Extracted information START

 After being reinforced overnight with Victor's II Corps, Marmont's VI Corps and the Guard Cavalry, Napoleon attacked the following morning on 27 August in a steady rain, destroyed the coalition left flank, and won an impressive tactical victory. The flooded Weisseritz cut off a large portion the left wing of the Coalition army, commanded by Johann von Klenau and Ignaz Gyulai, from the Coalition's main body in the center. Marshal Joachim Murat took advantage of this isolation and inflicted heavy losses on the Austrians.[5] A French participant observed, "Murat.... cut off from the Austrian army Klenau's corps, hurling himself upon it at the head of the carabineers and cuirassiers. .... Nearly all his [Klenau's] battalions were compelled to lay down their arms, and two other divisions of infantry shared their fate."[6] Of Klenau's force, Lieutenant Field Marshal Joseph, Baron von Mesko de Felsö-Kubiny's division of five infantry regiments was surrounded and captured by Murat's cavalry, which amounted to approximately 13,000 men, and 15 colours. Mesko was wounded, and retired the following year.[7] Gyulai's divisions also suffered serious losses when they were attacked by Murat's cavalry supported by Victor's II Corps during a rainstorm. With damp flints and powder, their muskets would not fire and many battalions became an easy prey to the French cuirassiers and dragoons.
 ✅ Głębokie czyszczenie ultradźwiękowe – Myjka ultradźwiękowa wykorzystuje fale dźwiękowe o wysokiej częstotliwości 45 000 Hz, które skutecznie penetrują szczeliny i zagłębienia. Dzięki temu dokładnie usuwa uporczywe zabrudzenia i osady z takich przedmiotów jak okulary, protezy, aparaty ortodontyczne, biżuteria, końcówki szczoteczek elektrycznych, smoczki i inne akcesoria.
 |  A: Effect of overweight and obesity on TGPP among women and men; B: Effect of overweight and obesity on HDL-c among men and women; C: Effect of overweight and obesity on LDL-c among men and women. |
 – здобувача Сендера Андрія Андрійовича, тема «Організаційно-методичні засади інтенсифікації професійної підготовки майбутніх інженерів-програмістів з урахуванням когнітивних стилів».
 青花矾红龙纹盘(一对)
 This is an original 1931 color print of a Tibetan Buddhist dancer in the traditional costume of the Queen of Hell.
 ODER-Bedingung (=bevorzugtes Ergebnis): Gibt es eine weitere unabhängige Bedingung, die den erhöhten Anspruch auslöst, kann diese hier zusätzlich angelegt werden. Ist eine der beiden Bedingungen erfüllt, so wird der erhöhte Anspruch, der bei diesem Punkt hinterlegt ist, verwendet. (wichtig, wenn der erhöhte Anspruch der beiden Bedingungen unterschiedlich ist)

Extracted information END
Extracted information START

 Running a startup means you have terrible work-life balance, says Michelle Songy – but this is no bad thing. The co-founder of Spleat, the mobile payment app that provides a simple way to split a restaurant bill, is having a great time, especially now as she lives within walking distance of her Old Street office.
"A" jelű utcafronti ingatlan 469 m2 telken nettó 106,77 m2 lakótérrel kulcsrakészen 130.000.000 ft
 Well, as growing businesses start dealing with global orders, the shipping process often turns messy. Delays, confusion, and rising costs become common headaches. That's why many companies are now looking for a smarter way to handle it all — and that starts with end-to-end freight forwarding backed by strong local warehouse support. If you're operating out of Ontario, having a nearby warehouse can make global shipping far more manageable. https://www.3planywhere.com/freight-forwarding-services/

Extracted information END

What to work on:
What lines in the data above carry "that"? Return them all.

Output of the task:
 Running a startup means you have terrible work-life balance, says Michelle Songy – but this is no bad thing. The co-founder of Spleat, the mobile payment app that provides a simple way to split a restaurant bill, is having a great time, especially now as she lives within walking distance of her Old Street office.
 Well, as growing businesses start dealing with global orders, the shipping process often turns messy. Delays, confusion, and rising costs become common headaches. That's why many companies are now looking for a smarter way to handle it all — and that starts with end-to-end freight forwarding backed by strong local warehouse support. If you're operating out of Ontario, having a nearby warehouse can make global shipping far more manageable. https://www.3planywhere.com/freight-forwarding-services/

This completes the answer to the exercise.